Even with the correction, this test will (nearly always) fail though:
if (dt != now)
Because dt holds an integral number of milliseconds, but now holds an integral number of ticks finer than a millisecond (e.g. microseconds or nanoseconds). Thus only on the rare chance that system_clock::now() returned an integral number of milliseconds would the test pass.
But you can instead:
if (dt != now_ms)
And you will now get your expected result reliably.
Putting it all together:
int main ()
{
auto now = std::chrono::system_clock::now();
auto now_ms = std::chrono::time_point_cast<std::chrono::milliseconds>(now);
auto value = now_ms.time_since_epoch();
long duration = value.count();
std::chrono::milliseconds dur(duration);
std::chrono::time_point<std::chrono::system_clock> dt(dur);
if (dt != now_ms)
std::cout << "Failure." << std::endl;
else
std::cout << "Success." << std::endl;
}
Personally I find all the std::chrono overly verbose and so I would code it as:
int main ()
{
using namespace std::chrono;
auto now = system_clock::now();
auto now_ms = time_point_cast<milliseconds>(now);
auto value = now_ms.time_since_epoch();
long duration = value.count();
milliseconds dur(duration);
time_point<system_clock> dt(dur);
if (dt != now_ms)
std::cout << "Failure." << std::endl;
else
std::cout << "Success." << std::endl;
}
Which will reliably output:
Success.
Finally, I recommend eliminating temporaries to reduce the code converting between time_point and integral type to a minimum. These conversions are dangerous, and so the less code you write manipulating the bare integral type the better:
int main ()
{
using namespace std::chrono;
// Get current time with precision of milliseconds
auto now = time_point_cast<milliseconds>(system_clock::now());
// sys_milliseconds is type time_point<system_clock, milliseconds>
using sys_milliseconds = decltype(now);
// Convert time_point to signed integral type
auto integral_duration = now.time_since_epoch().count();
// Convert signed integral type to time_point
sys_milliseconds dt{milliseconds{integral_duration}};
// test
if (dt != now)
std::cout << "Failure." << std::endl;
else
std::cout << "Success." << std::endl;
}
The main danger above is not interpreting integral_duration as milliseconds on the way back to a time_point. One possible way to mitigate that risk is to write:
sys_milliseconds dt{sys_milliseconds::duration{integral_duration}};
This reduces risk down to just making sure you use sys_milliseconds on the way out, and in the two places on the way back in.

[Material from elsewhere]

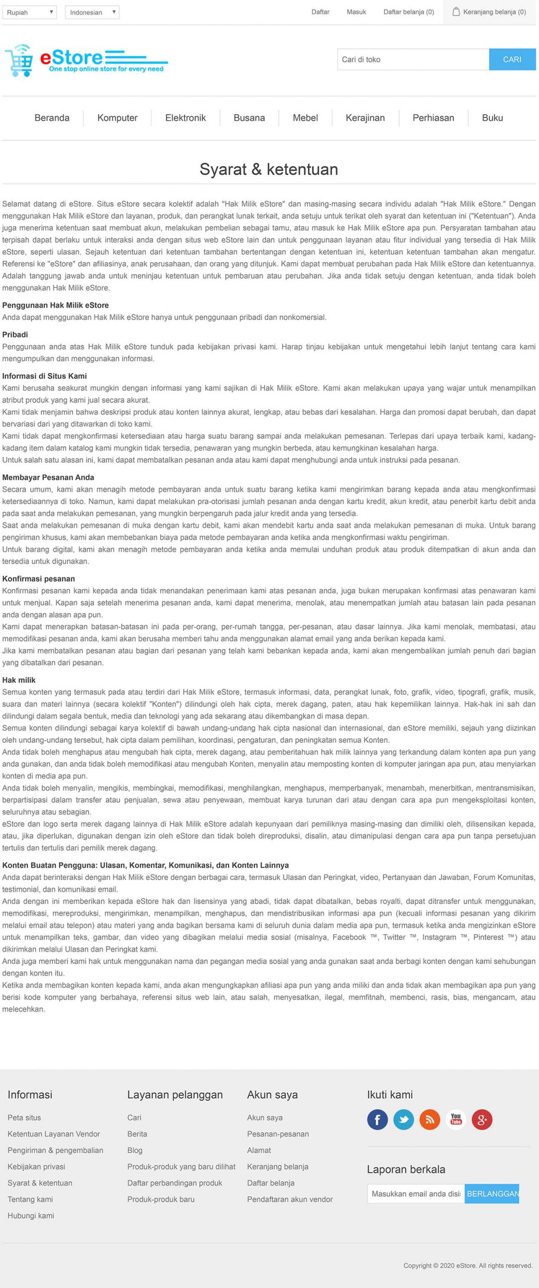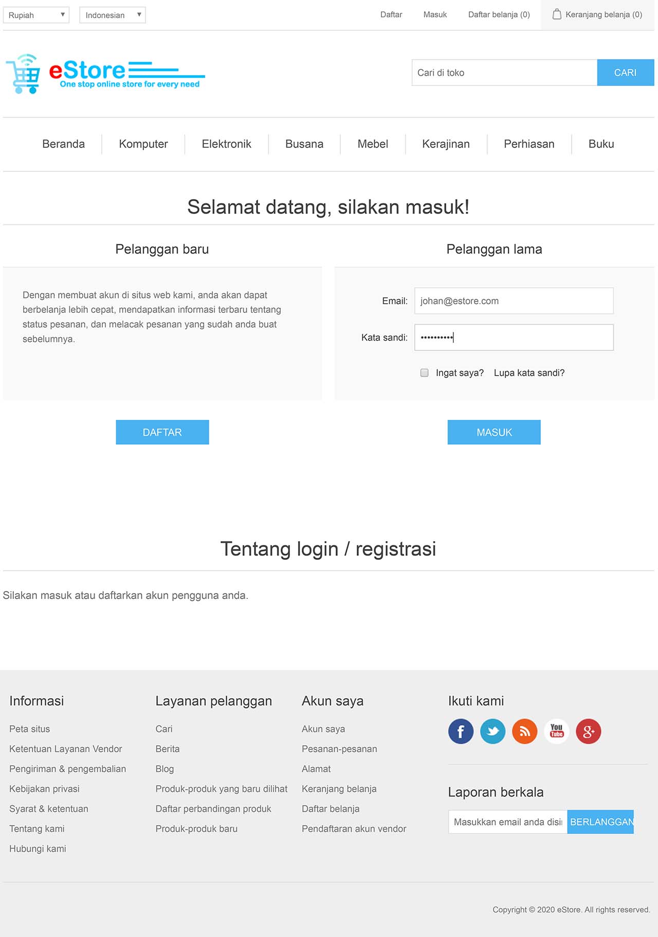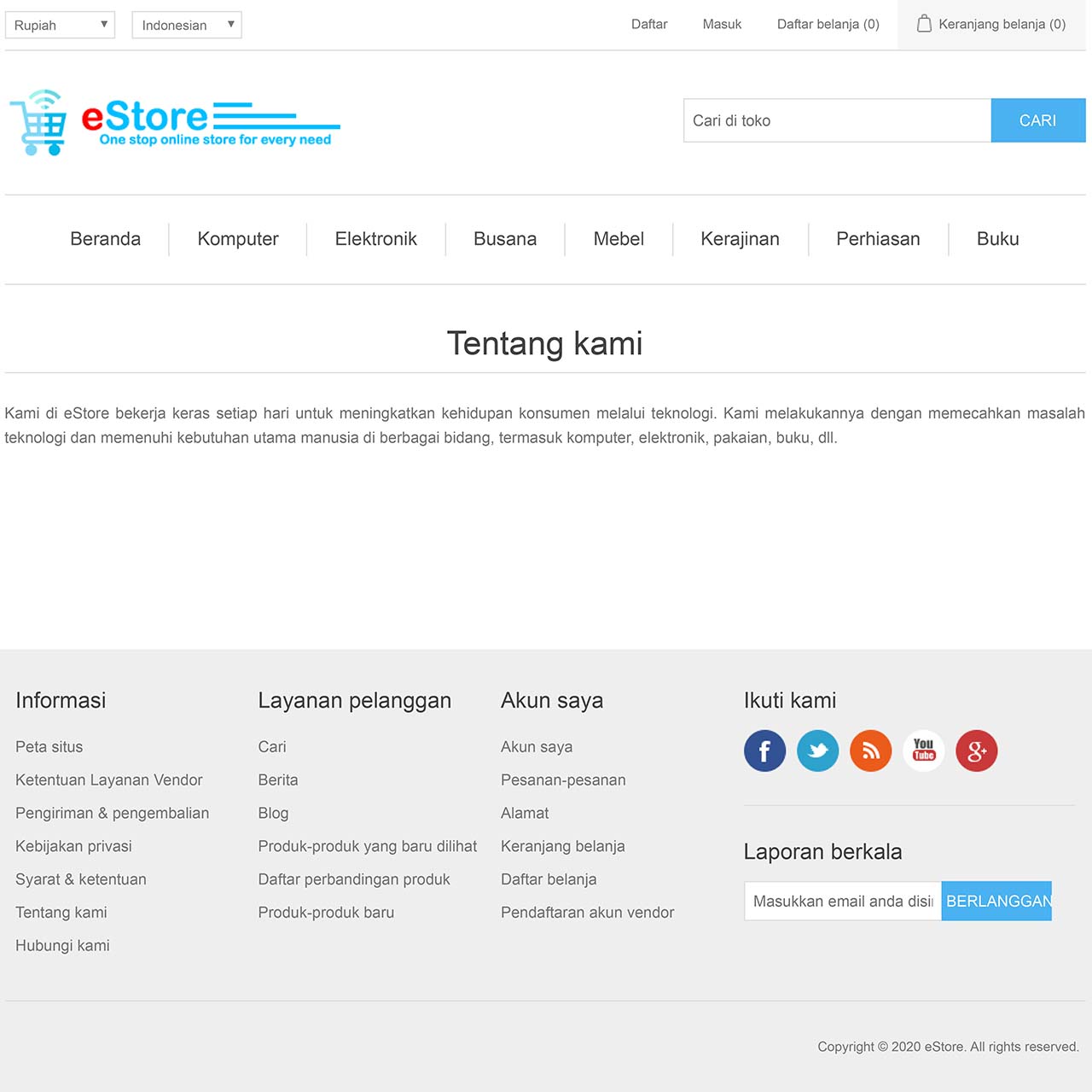 eStore adalah Aplikasi Web / Website (Web Application Software) jenis Sistem Manajemen Toko Online (eCommerce). Aplikasi ini umumnya digunakan oleh perusahaan atau organisasi untuk melakukan penjualan barang atau jasa secara online. Dalam contoh, aplikasi ini diimplementasi untuk memasarkan berbagai jenis produk-produk perusahaan retail secara online melalui jaringan internet.
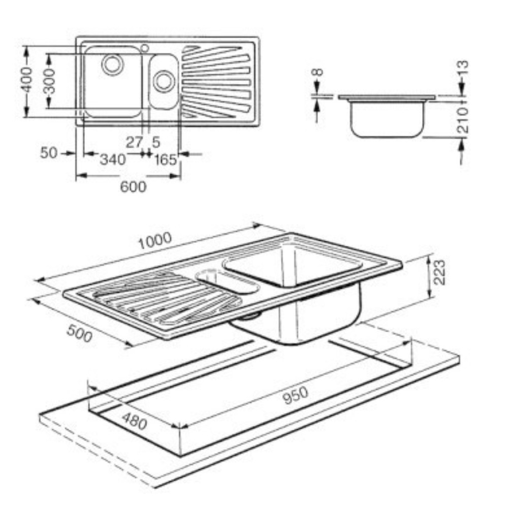 Dimensioni vasca dx, L x P x A (mm): 340 x 400 x 210 mm

And one more example: Let's say you want to convert to and from an integral which represents whatever duration system_clock supports (microseconds, 10th of microseconds or nanoseconds). Then you don't have to worry about specifying milliseconds as above. The code simplifies to:
int main ()
{
using namespace std::chrono;
// Get current time with native precision
auto now = system_clock::now();
// Convert time_point to signed integral type
auto integral_duration = now.time_since_epoch().count();
// Convert signed integral type to time_point
system_clock::time_point dt{system_clock::duration{integral_duration}};
// test
if (dt != now)
std::cout << "Failure." << std::endl;
else
std::cout << "Success." << std::endl;
}
This works, but if you run half the conversion (out to integral) on one platform and the other half (in from integral) on another platform, you run the risk that system_clock::duration will have different precisions for the two conversions.